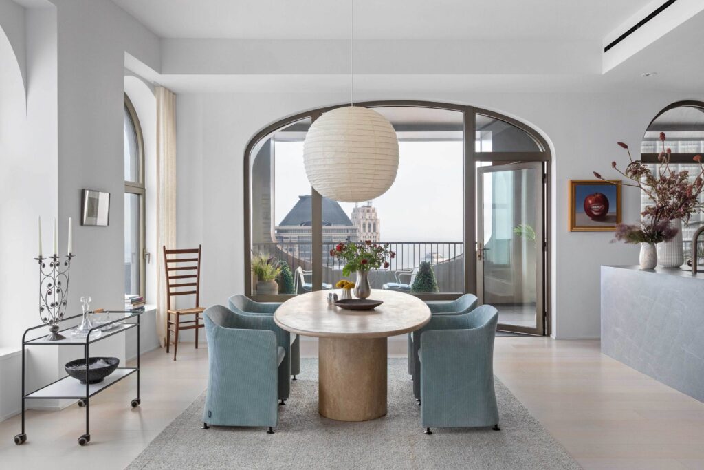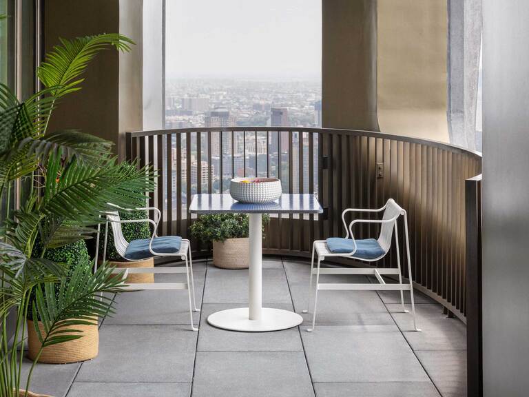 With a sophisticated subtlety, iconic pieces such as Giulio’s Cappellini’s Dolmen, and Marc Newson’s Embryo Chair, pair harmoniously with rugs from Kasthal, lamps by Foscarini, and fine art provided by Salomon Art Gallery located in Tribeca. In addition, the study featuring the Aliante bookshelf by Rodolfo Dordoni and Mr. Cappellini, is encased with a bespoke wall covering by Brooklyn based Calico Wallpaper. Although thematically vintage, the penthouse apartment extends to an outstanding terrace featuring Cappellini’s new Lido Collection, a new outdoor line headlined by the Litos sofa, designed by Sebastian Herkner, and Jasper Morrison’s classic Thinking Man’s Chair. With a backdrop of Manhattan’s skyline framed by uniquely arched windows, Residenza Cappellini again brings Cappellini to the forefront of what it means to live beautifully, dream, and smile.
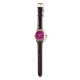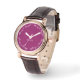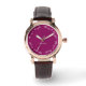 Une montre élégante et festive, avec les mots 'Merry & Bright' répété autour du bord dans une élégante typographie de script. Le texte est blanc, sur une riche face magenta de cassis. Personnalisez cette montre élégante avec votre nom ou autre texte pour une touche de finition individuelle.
* * *
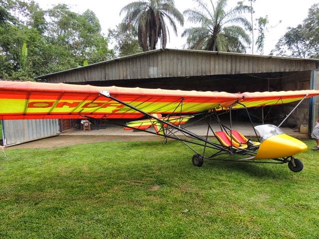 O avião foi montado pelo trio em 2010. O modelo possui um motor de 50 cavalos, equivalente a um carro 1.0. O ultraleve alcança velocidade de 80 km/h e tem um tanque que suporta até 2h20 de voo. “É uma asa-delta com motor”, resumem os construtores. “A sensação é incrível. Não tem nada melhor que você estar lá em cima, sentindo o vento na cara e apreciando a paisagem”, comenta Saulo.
==
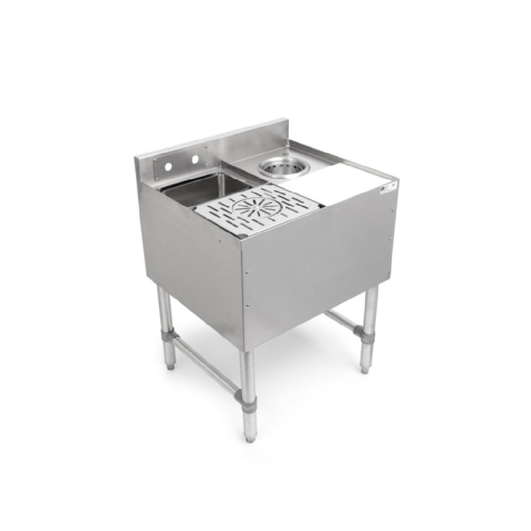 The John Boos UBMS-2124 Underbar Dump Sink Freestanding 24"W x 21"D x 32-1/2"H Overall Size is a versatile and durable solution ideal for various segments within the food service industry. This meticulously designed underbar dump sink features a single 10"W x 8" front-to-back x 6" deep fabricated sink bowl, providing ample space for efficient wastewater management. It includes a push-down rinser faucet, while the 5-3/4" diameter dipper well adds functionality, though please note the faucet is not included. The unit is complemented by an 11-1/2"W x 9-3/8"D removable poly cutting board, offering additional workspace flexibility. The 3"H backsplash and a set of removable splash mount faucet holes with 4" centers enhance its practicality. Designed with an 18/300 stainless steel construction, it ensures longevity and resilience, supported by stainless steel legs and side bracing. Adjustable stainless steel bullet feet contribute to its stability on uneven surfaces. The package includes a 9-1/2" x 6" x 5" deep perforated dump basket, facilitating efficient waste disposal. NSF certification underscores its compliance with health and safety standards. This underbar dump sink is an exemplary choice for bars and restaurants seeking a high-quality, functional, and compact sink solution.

### What is expected
In the listing above, find the line containing "With a sophisticated" and the line containing "Une montre élégante"; print those lines and every line between them exactly, leaving out pictures.

### Reply
 With a sophisticated subtlety, iconic pieces such as Giulio’s Cappellini’s Dolmen, and Marc Newson’s Embryo Chair, pair harmoniously with rugs from Kasthal, lamps by Foscarini, and fine art provided by Salomon Art Gallery located in Tribeca. In addition, the study featuring the Aliante bookshelf by Rodolfo Dordoni and Mr. Cappellini, is encased with a bespoke wall covering by Brooklyn based Calico Wallpaper. Although thematically vintage, the penthouse apartment extends to an outstanding terrace featuring Cappellini’s new Lido Collection, a new outdoor line headlined by the Litos sofa, designed by Sebastian Herkner, and Jasper Morrison’s classic Thinking Man’s Chair. With a backdrop of Manhattan’s skyline framed by uniquely arched windows, Residenza Cappellini again brings Cappellini to the forefront of what it means to live beautifully, dream, and smile.
 Une montre élégante et festive, avec les mots 'Merry & Bright' répété autour du bord dans une élégante typographie de script. Le texte est blanc, sur une riche face magenta de cassis. Personnalisez cette montre élégante avec votre nom ou autre texte pour une touche de finition individuelle.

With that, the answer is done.